Семягин осторожно проверял знаю ли я что-нибудь об этом.
— До меня тоже. Тот, кто мне об этом поведал просил не рассказывать никому из страха перед местью. Но раз вы упомянули Козака сами, то теперь это уже не имеет значения.
— Это серьезная ситуация. Козак проиграл деньги.
— Не только, деньги, но и получку на год вперед.
— Вот так дела, как такое возможно, чего им не хватает? Я не пойму, как я это все мог проглядеть.

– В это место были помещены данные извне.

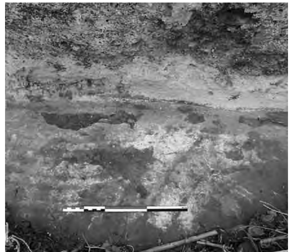
Fig. 6 - Fond de la cuve E.

Les dimensions des cuves sont plus ou moins égales (en moyenne 2,40 x 2,15 x 1,40 m), ce qui permet d'estimer un volume de 65 m 3 . Seules les cuves E et F sont aujourd'hui accessibles, les autres ont été remblayées ou remployées à divers usages utilitaires par la famille occupant une maison à quelques mètres à l'ouest. Une citerne souterraine de 20 m 3 est sise juste à l'ouest de la rangée de cuves occidentale (Fig. 7).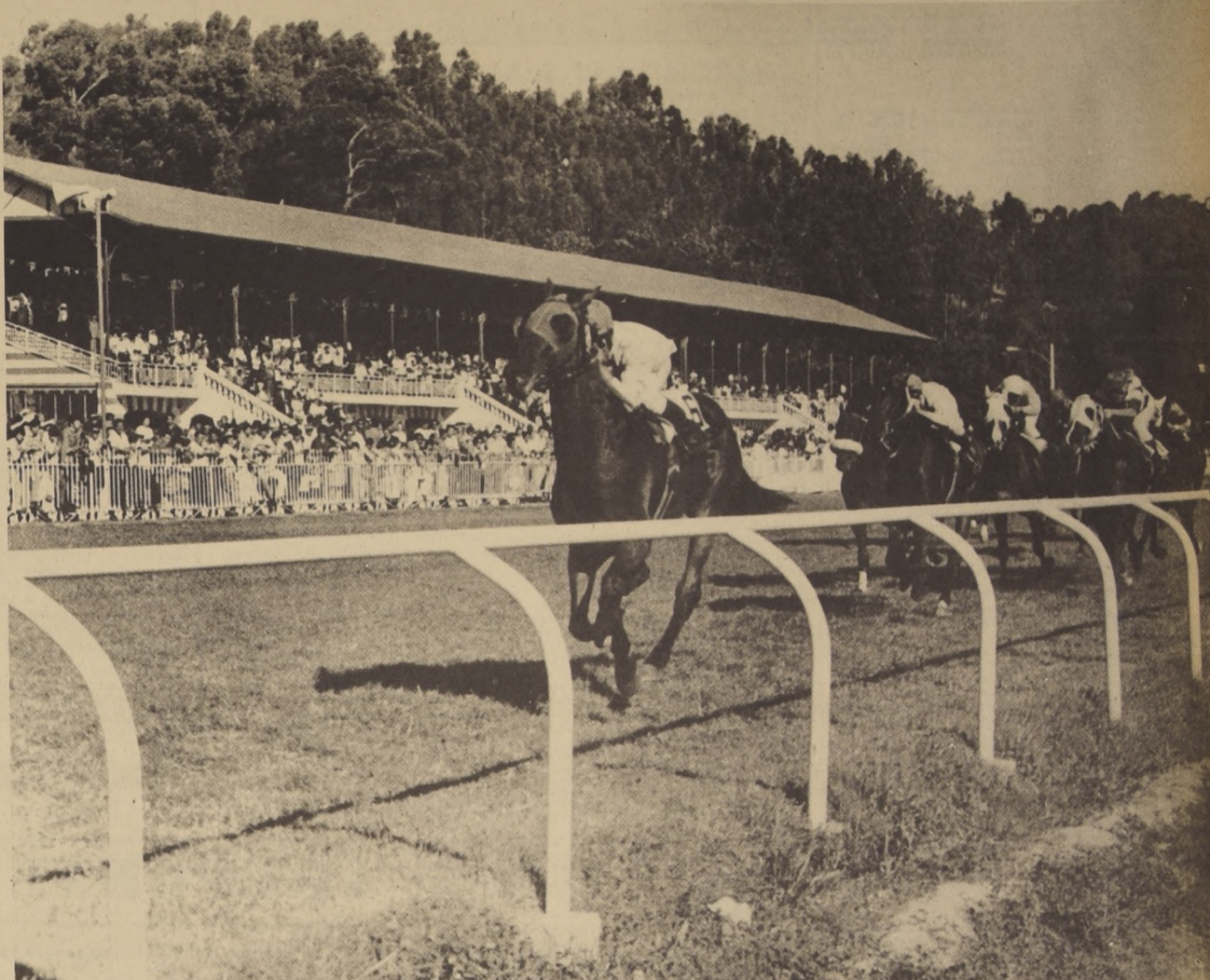
EL VAI PARAISO SPORTING CLUB: hermoso escenario en donde siempre hay una gran temporada hípica. 1972 no es una excepción.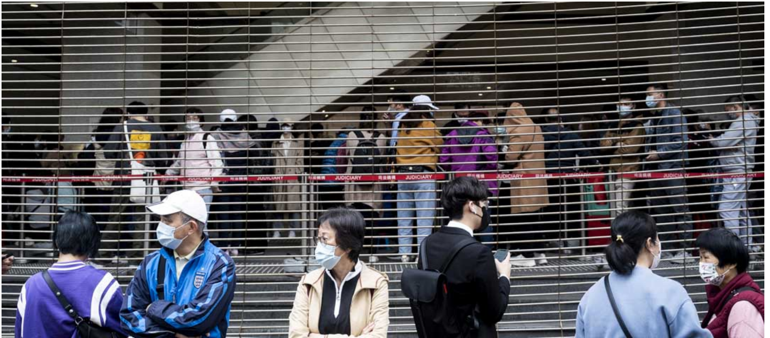
2023年2月6日，47人初選案開審，法庭外有不少市民提早排隊取籌聽審。

— Я вам так скажу, в студенческие времена я повидал картежников. Азартные игры это страшная воронка, которая может затянуть даже вполне разумного человека. Не случайно Пушкин писал про «Пиковую даму», а Достоевский «Игрока». С одной стороны люди тупеют до неузнаваемости. Видит человек, что проигрался в пух и прах, ну остановись… Но нет, он хочет отыграться. С другой, они становятся изощренными лгунами, когда им нужно раздобыть денег на игру. Проигравшийся картежник способен на отчаянные поступки.
— Я с ними не сталкивался особо. Видать у тебя больше опыта в этом вопросе. Давай начистоту, как думаешь, Козак мог убить старика?
— По рассказам, он был маниакально одержим идеей отыграться. Старик не хотел продолжать играть, но Роман прицепился, как пиявка и требовал продолжения игры. В самом начале Петрович предложил ему полностью простить долги. Но не тут-то было. Как будто, кто-то ему выключил разум. Он считал, что старику просто везет.
— Что-то подсказывает мне, что это было не просто везение.
— Вы думаете, что Петрович катала?
— Катала?
— Ну карточный шулер, мошенник.
— Думаю, что он обучился в тюрьме всем этим нечестным фокусам с картами.
— С чего вы это взяли, Александр Иванович?
— Эта история с карточными играми и «случайными» выигрышами Федора Петровича повторялась практически в каждой экспедиции.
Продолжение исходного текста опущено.